The solution to the knocking your knees on these new design tables is to unscrew the table top from the leg base. Rotate the table 90 degrees (1/4 turn), then rescrew the top.

This will make the leg assembly run from the back seat to the entry side. Then you can slide in and out easily.

Saw this design on a different brand that is using the same freestanding table and leg assembly.....

Steve


----------



## Tangooutback

thefulminator said:


> On some models, the bathroom sink also drains into the black tank. The idea is that you will fill the gray tank a lot fastener than the black tank under normal usage.


Thank you for this info.

I do not have the gadget (Tornado?) on the black tank where a hose can be connected to for cleaning. Every time I clean the tank at the end of a trip I have to fill it up through the commode with either a hose or with a bucket filled from the tub faucet. Now, I can conveniently turn on the bathroom sink faucet and sit there sipping tea waiting for it to fill up...


----------



## cdnbayside

Here's my solution to the table moving around. it doesn't move now and you don't need to remove the bungie to sit around the table. I also put felt pads on the edges of the table legs where they contact the seat.


----------



## Up State NY Camper

huntr70 said:


> The solution to the knocking your knees on these new design tables is to unscrew the table top from the leg base. Rotate the table 90 degrees (1/4 turn), then rescrew the top.
> 
> This will make the leg assembly run from the back seat to the entry side. Then you can slide in and out easily.
> 
> Saw this design on a different brand that is using the same freestanding table and leg assembly.....
> 
> Steve


Very interesting, Thanks Steve.


----------



## 7-strohs

Hello- I was looking for this answer- we have a 2014 BH312 and just this past weekend trip, had the same thing happen. Did anyone have any luck to get Keystone to re-do the plumbing? I just feel that its so unsanitary. We took in to our dealer for the one year warranty repairs and they told us - we are out of luck.

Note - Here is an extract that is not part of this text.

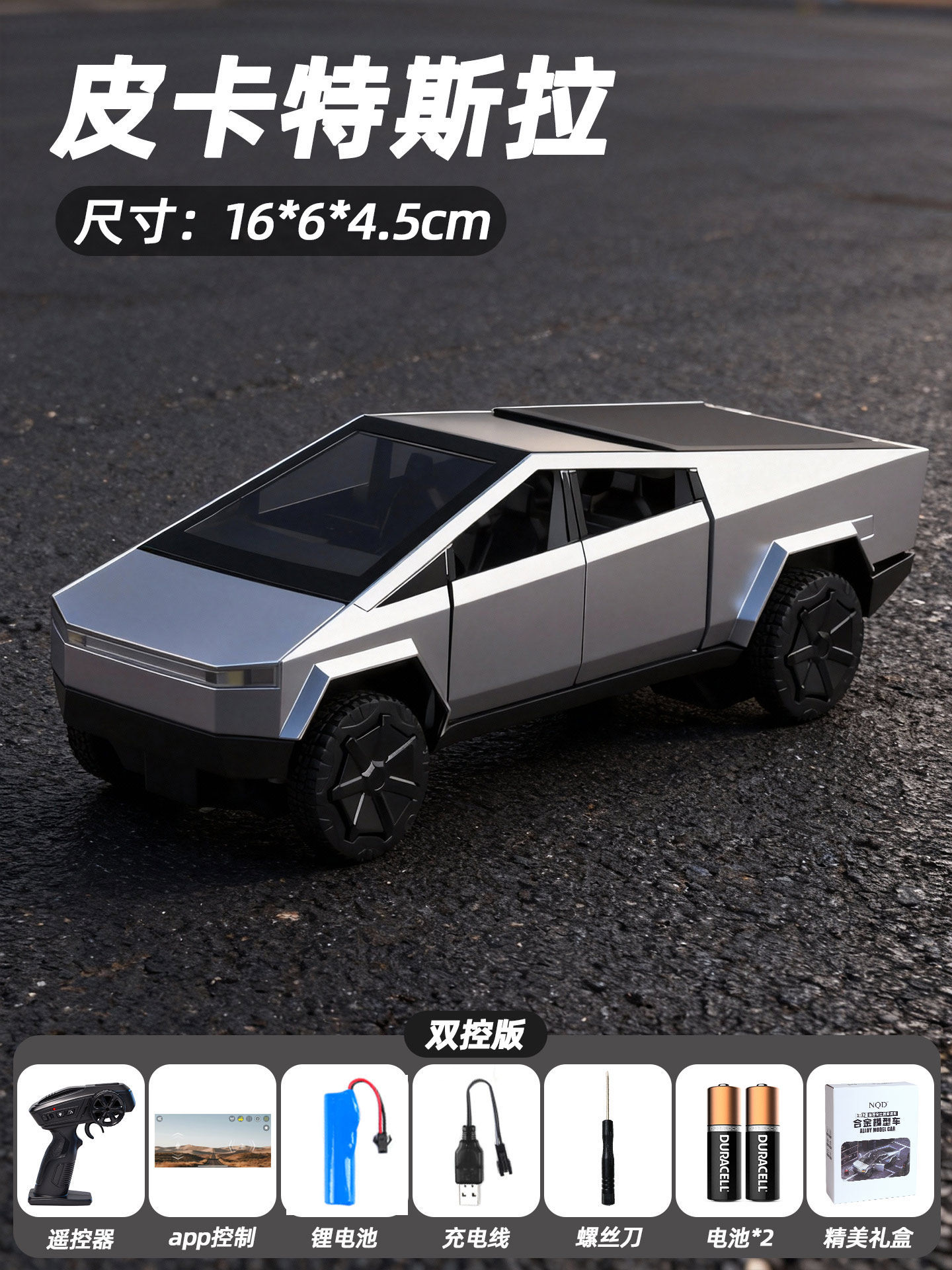 特斯拉赛博皮卡儿童桌面四驱越野车玩具1:32合金遥控车男女孩礼物

I was hoping since this is 4 yrs later they would have addressed the issue-

Thanks Michele


----------



## rpeterslll

7-strohs said:


> Hello- I was looking for this answer- we have a 2014 BH312 and just this past weekend trip, had the same thing happen. Did anyone have any luck to get Keystone to re-do the plumbing? I just feel that its so unsanitary. We took in to our dealer for the one year warranty repairs and they told us - we are out of luck.
> 
> I was hoping since this is 4 yrs later they would have addressed the issue-
> 
> Thanks Michele


I just bought a 2017 Keystone Outback 312BH, I can confirm that they have not changed this plumbing configuration and my outside sink does empty into the black tank. I was running the water in it to add water to my grey tank to fill it up not knowing it was going to my black tank, It then filled up the black tank to the top where it didnt drain the sink any longer until I emptied the black tank.


----------